2020 Bob Willis Trophy
- Administrator: England and Wales Cricket Board
- Cricket format: First-class cricket (4 days)
- Tournament format: League system
- Champions: Essex (1st title)
- Runners-up: Somerset
- Participants: 18
- Matches: 46
- Most runs: Alastair Cook (563)
- Most wickets: Simon Harmer (38)

= 2020 Bob Willis Trophy =

2020 cricket tournament

The 2020 Bob Willis Trophy was a first-class cricket tournament held in the 2020 English cricket season, and the inaugural edition of the Bob Willis Trophy. It was separate from the County Championship, which was not held in 2020 due to the impact of the COVID-19 pandemic in the United Kingdom. The eighteen county cricket teams were split into three regional groups of six, with the two group winners with the most points advancing to a final held at Lord's. The maximum number of overs bowled in a day was reduced from 96 to 90, and the team's first innings could be no longer than 120 overs.

After a delay due to the pandemic, counties passed a majority vote to start the season on 1 August 2020, with the final starting on 23 September 2020.

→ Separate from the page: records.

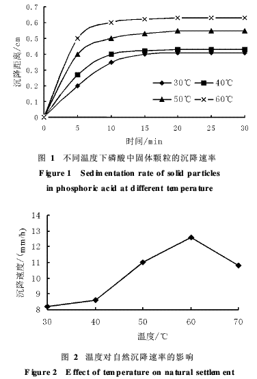 温度对磷酸中的固体颗粒的沉降有双重影响,一方面温度的变化直接导致磷酸粘度的变化,温度降低,磷酸的粘度增加,固体颗粒沉降时阻力增大,因此磷酸粘度增加会延长固体颗粒沉降所需时间,降低沉降速率。另一方面,温度又对磷酸中杂质的溶解度有很大影响,温度越低,杂质的溶解度越低,有利于沉淀的析出,加速沉淀的生成速度。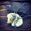 An amazing hand carved agate horn style pendant strung on a hand woven turquoise 30" chain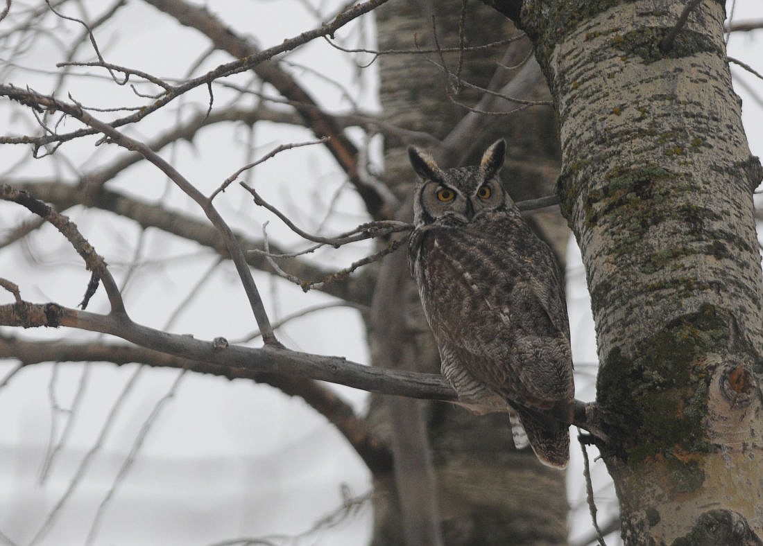 “The short-eared owls like to get into the brush there, where the great horned owls can’t get them,” he explained. Along a low ridge, one of the aforementioned predators kept watch from its high perch in a birch tree.

In the final round of matches, the game between Gloucestershire and Northamptonshire was abandoned at lunch on the first day, after a member of the Northamptonshire squad provided a positive test for COVID-19. The match was recorded as a draw, with Northamptonshire taking ten points, and Gloucestershire eight. Neither side were in contention to reach the final of the tournament.

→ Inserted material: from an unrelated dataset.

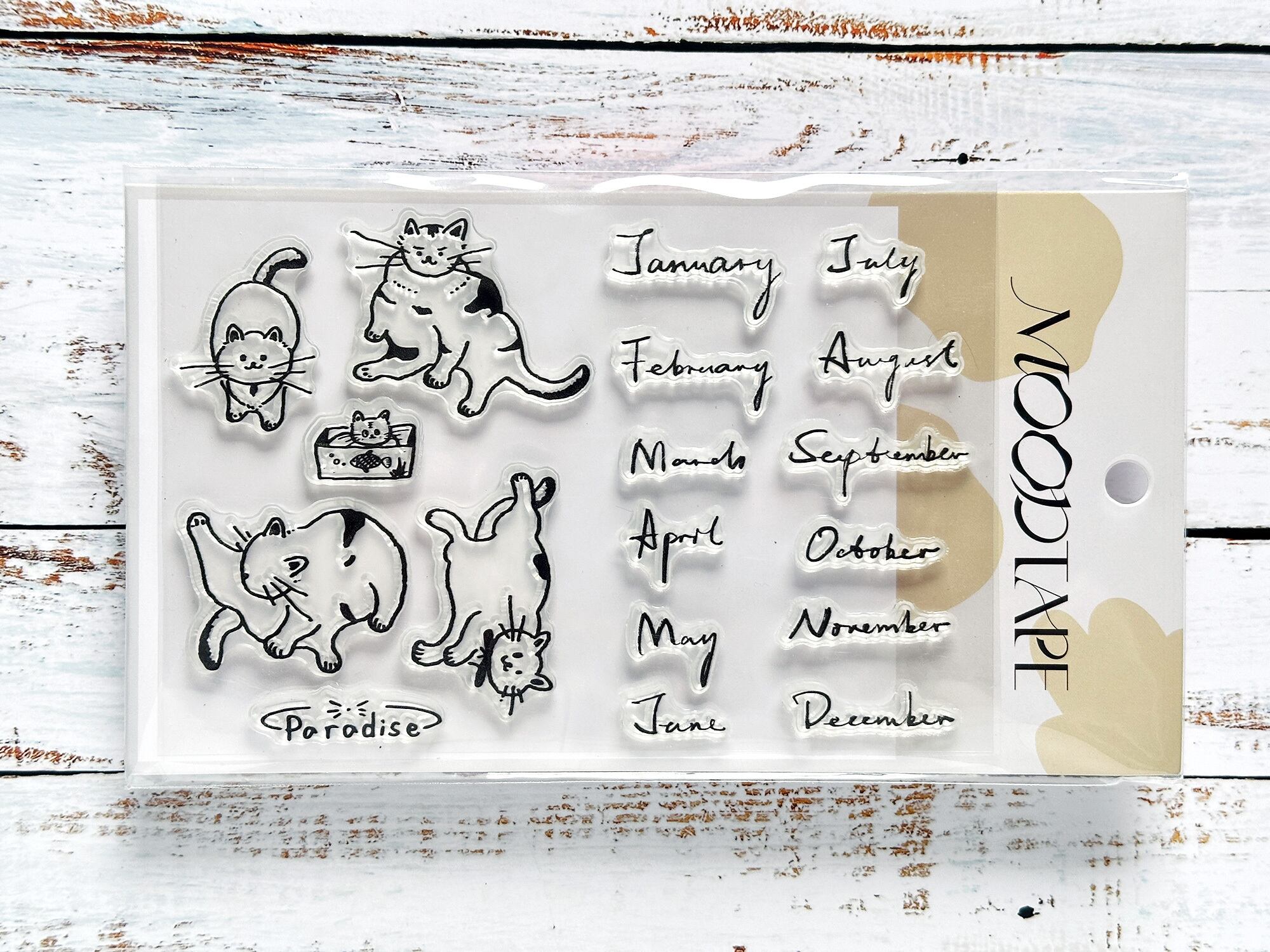 手書き風のゆるいテイストの猫ちゃんがとっても可愛いです。毎月のスタンプは手帳に使うとおしゃれな雰囲気に。コラージュやジャンクジャーナル、スクラップブッキング、カードメイキングなどに大活躍します。

Essex became the first team to qualify for the final of the tournament, after they beat Middlesex by nine wickets in their final match, and Derbyshire failed to gain a batting point in their match against Lancashire. Somerset became the second team to qualify for the final after they beat Worcestershire by 60 runs in their fifth match of the tournament. The final finished as a draw, with Essex winning the tournament, after securing a lead in the first innings of the match.

In October 2020, Sussex were deducted 24 points after bowler Mitchell Claydon was found guilty of a ball tampering offence. Claydon was adjudged to have applied hand sanitiser to the ball during a game against Middlesex in August. The player also received a nine-game ban.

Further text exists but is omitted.